### What is required:
In the listing beneath this line, copy exactly the lines starting with the one containing "Papel de embrulho" and going on through the one containing "The lively chatter".

### Given records:
┏━━

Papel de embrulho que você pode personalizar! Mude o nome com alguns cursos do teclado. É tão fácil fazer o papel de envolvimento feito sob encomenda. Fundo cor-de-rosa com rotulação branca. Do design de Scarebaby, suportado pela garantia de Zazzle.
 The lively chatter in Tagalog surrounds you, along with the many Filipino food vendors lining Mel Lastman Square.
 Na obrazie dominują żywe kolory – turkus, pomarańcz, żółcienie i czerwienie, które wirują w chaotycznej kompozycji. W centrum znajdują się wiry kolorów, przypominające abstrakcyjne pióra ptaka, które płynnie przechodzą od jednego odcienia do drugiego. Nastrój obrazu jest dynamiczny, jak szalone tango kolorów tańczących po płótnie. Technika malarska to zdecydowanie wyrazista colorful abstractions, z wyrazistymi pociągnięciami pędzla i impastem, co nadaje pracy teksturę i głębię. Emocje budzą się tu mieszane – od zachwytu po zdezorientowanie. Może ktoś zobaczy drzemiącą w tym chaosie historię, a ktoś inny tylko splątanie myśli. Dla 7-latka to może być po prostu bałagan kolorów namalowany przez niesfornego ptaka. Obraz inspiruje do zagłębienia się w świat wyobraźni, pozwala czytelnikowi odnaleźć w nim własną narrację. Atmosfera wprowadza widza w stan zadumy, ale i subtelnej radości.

┗━━
┏━━

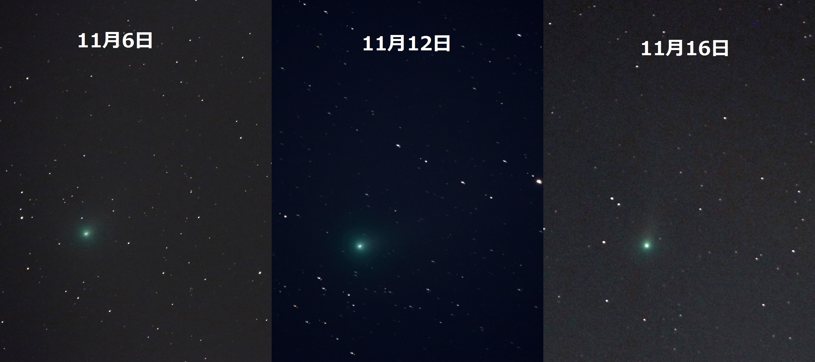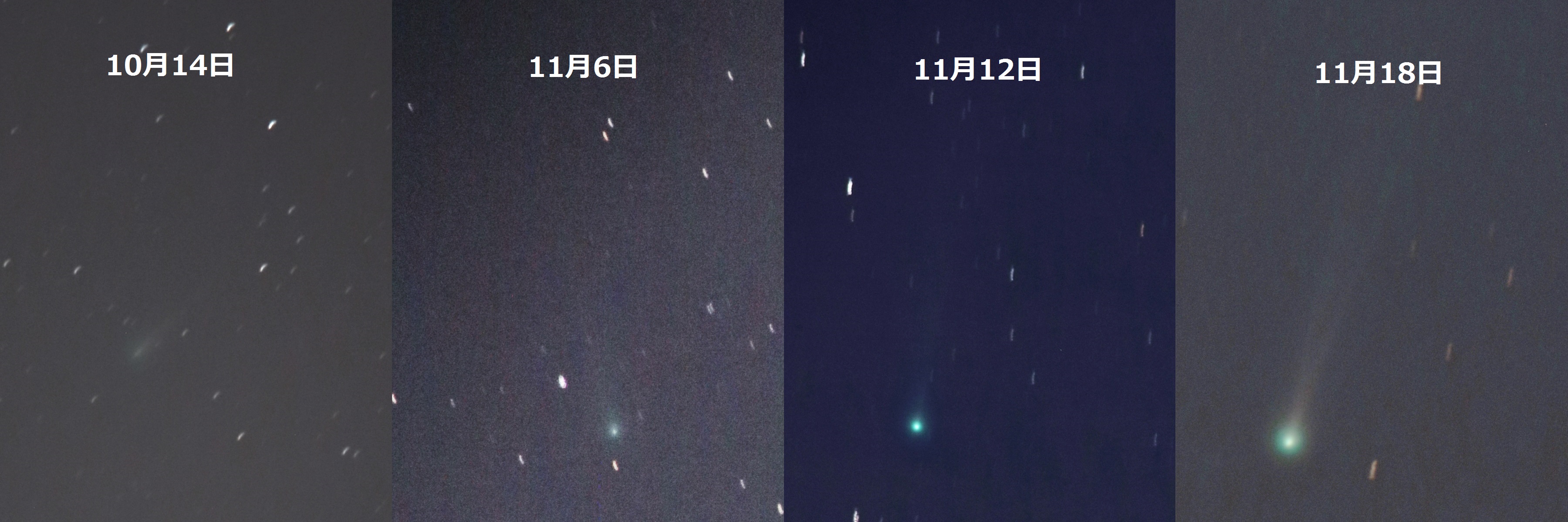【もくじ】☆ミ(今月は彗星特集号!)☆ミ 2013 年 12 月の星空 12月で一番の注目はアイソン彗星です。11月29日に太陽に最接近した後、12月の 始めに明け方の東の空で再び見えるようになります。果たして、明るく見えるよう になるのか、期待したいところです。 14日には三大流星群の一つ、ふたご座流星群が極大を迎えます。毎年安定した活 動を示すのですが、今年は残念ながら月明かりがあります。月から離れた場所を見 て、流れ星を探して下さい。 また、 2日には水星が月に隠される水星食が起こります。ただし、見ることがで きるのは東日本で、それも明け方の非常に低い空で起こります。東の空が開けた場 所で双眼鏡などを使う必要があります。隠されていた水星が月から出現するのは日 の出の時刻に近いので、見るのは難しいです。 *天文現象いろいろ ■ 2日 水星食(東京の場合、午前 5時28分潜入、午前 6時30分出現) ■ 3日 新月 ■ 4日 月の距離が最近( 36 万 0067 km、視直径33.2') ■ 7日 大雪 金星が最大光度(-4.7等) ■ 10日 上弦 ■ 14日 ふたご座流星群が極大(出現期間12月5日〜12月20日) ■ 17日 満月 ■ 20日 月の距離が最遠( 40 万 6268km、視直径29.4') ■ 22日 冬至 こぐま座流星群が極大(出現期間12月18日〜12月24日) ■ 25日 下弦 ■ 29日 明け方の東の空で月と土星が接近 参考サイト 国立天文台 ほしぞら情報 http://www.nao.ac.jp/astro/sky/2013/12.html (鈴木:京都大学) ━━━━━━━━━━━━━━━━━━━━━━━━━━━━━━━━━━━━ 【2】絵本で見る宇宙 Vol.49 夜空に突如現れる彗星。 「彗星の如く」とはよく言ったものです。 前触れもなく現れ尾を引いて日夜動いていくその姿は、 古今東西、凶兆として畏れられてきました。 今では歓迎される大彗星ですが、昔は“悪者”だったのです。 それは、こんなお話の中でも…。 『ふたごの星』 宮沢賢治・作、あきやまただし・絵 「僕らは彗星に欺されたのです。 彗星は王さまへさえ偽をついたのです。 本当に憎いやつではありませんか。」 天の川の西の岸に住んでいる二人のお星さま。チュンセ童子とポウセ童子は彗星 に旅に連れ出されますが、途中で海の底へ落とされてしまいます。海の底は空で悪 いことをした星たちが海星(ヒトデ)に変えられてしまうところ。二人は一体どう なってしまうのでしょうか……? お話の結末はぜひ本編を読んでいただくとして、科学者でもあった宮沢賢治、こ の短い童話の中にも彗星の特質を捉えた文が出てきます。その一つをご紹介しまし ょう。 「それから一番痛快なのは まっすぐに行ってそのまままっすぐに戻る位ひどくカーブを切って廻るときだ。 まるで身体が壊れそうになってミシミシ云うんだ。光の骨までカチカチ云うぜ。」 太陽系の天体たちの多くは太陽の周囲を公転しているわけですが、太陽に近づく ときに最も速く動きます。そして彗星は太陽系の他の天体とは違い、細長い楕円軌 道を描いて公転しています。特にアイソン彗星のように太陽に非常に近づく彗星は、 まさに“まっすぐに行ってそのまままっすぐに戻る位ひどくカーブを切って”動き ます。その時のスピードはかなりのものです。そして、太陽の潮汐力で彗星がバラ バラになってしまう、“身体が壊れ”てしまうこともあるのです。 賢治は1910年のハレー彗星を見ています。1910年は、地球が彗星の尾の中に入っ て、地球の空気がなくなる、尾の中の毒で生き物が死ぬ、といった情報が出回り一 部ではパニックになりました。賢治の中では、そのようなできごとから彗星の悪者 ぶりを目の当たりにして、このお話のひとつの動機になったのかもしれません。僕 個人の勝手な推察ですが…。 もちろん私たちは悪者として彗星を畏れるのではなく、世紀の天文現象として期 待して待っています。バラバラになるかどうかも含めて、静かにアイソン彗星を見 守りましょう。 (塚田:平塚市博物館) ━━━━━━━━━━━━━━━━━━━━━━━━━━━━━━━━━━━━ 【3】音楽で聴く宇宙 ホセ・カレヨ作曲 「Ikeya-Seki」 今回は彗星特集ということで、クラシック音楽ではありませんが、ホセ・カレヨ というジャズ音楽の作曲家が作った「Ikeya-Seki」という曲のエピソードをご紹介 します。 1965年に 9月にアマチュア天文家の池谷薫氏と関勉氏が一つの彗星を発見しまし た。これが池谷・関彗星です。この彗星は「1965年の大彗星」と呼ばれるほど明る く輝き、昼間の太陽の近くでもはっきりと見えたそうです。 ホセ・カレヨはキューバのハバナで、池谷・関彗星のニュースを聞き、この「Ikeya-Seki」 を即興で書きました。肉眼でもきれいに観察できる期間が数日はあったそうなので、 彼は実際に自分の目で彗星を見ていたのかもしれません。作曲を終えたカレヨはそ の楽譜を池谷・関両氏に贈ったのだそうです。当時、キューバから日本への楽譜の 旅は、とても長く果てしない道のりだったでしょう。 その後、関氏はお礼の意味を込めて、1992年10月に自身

┗━━

### Result for this exercise:
Papel de embrulho que você pode personalizar! Mude o nome com alguns cursos do teclado. É tão fácil fazer o papel de envolvimento feito sob encomenda. Fundo cor-de-rosa com rotulação branca. Do design de Scarebaby, suportado pela garantia de Zazzle.
 The lively chatter in Tagalog surrounds you, along with the many Filipino food vendors lining Mel Lastman Square.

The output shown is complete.